Die Nachteile des Lebens in Dänemark sind nicht sofort sichtbar: das enorme Maß der Zersiedlung des kleinen Landes, erkennbare Probleme durch Zuzug aus anderen Ländern, ethnische und soziale Segregation, trotz 40 Prozent Verwendung erneuerbarer Energien einer der höchsten C02-Ausstoße in der EU. Im täglichen Leben der Hauptstadt wird dies alles nicht sofort sichtbar. Erkennbar wird es in der Peripherie, in den Siedlungen am Rande der Stadt, die aber im Vergleich zu abgekoppelten Quartieren in Deutschland immer noch wie freundliche Gartenstädte wirken. Die mitunter bewundernswerten Wohnlagen, in denen Dänen ihr Zuhause finden, sind geprägt durch den hohen Grad an Gemeinsinn, den sie suggerieren. Es sind – auch in der Peripherie – seltener die ausgewiesenen Einfamilienhausgettos, die das Bild Kopenhagens bestimmen.
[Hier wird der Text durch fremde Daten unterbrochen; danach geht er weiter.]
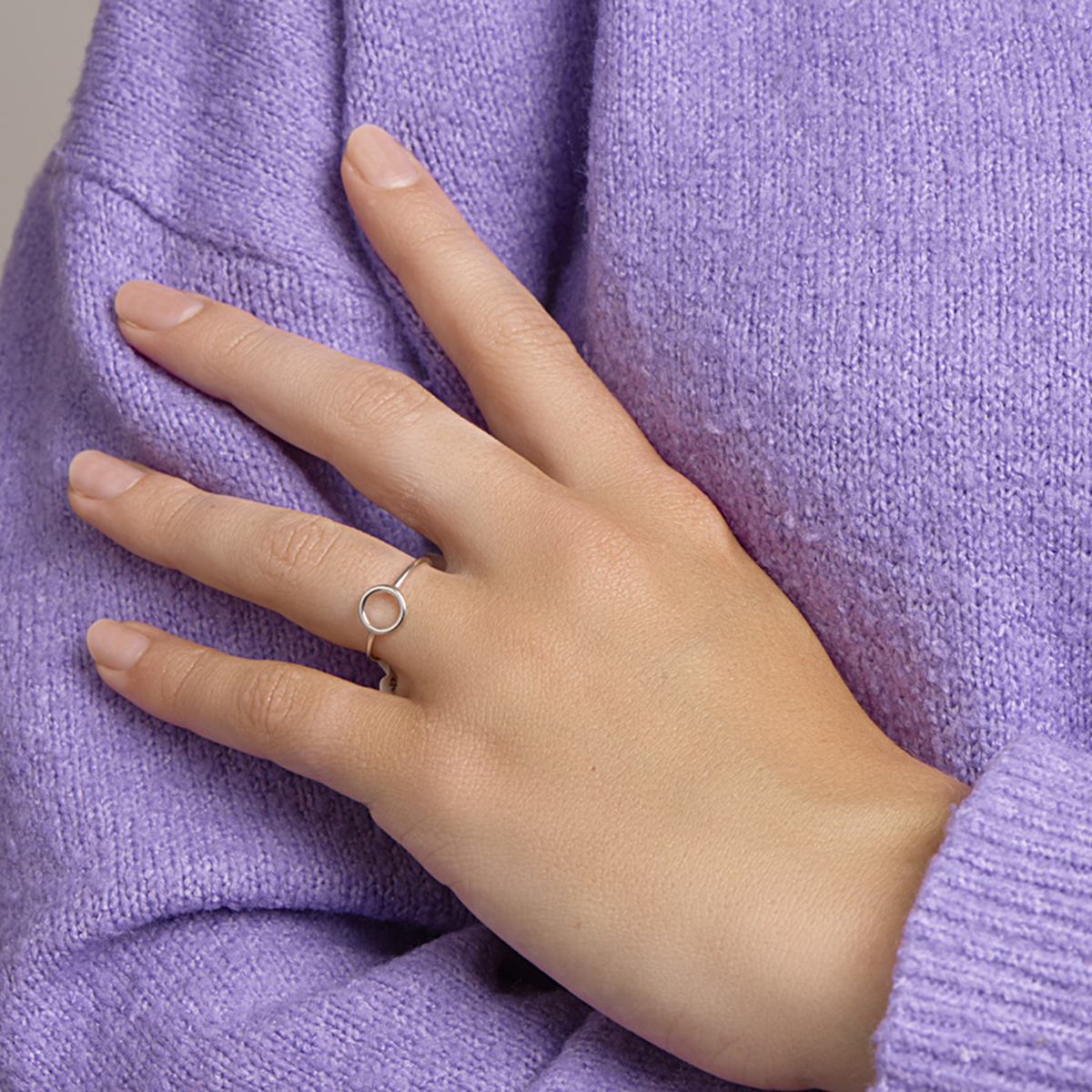 Beschrijving: Gerhodineerd zilveren ring met een open cirkel.

Es sind vielmehr Siedlungen und Quartiere, die oft sorgfältig differenzierte private, halböffentliche und öffentliche Räume haben, denen der Versuch zugrunde liegt, eine soziale Mischung der Bevölkerung zu erreichen. Erkennbar wird hier das Motiv der Angemessenheit im Wohnen dem Wunsch nach Repräsentation vorangestellt.
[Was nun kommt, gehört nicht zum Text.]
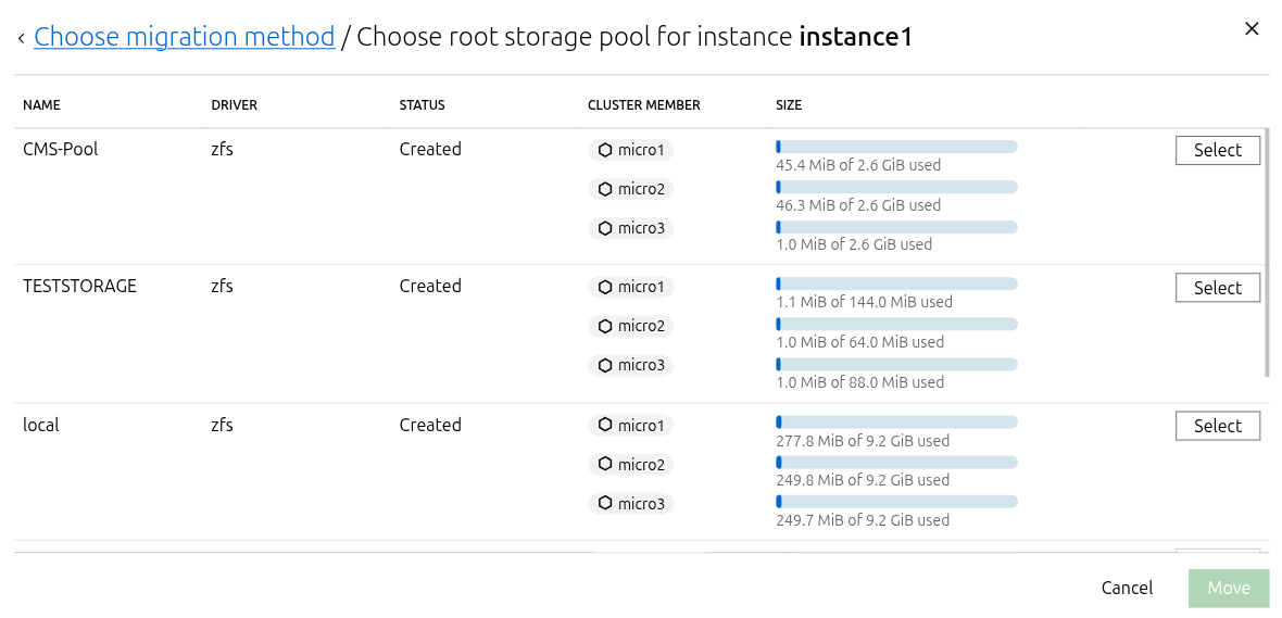 Within the move modal, click Move instance root storage to a different pool to view available storage pools to move to.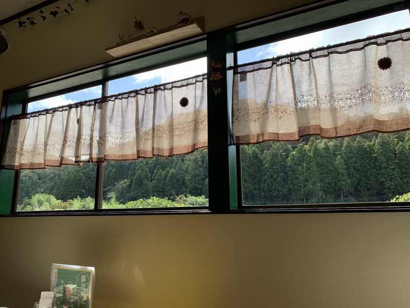 行った日も雨上がりで天気が回復に向かうとき。店名のような「陽だまり」になってきました。窓の外には、間近に山が見えて、雨上がりだったため緑と空の青さがきれいでした。

Dass das dänische Wohnen einen Ausgleich zwischen Bescheidung und Komfort anzielt, ist in Deutschland schon in den vierziger Jahren bekannt gewesen: Nicht von ungefähr bereisten die Wiederaufbaugremien zahlreicher deutscher Städte Dänemark, um zu sehen, wie sich das Wohn- und Siedlungswesen dort entwickelt hatte. Was sie mitbrachten waren Siedlungstypen, Grundrisse und Formen, wohl aber lediglich einen Eindruck dessen, was das dänische Wohnen tatsächlich ausmacht: Die Einbettung der Wohnhäuser in ausgedehnte Grünflächen, in Parks und parkähnliche Landschaften, die Nähe zu Naturschutzgebieten, Seen und Wasserläufen gibt vielen Wohnquartieren Kopenhagens einen einzigartigen Charakter. Dass auch dies eine Versöhnung des Menschen – in diesem Falle mit der Natur – bedeuten könnte, liegt auf der Hand.

Diese Ausgabe unserer Zeitschrift widmet sich den unterschiedlichen Wohnlagen Kopenhagens in ihrem landschaftlichen Kontext. An ausgewählten, unterschiedlich zu bewertenden, aber exemplarischen Beispielen verfolgen wir ein Jahrhundert „Siedlungskontinuität“ in Kopenhagen, die dänische und deutsche Autoren im Hinblick auf ihre städtebauliche Anlage – den äußeren sozialen Raum – und im Hinblick auf ihre innere Organisation – den inneren sozialen Raum – kommentiert haben. Gute Architektur weist den Zusammenhang zwischen beiden nach. Das gilt überall. Insofern können wir nur lernen.

Prof. Andreas Denk (*1959) studierte Kunstgeschichte, Städtebau, Technik-, Wirtschafts- und Sozialgeschichte sowie Vor- und Frühgeschichte in Bochum, Freiburg i. Brsg. und in Bonn. Er ist Architekturhistoriker und Chefredakteur der BDA-Zeitschrift der architekt und lehrt Architekturtheorie an der Fachhochschule Köln. Er lebt und arbeitet in Bonn und Berlin.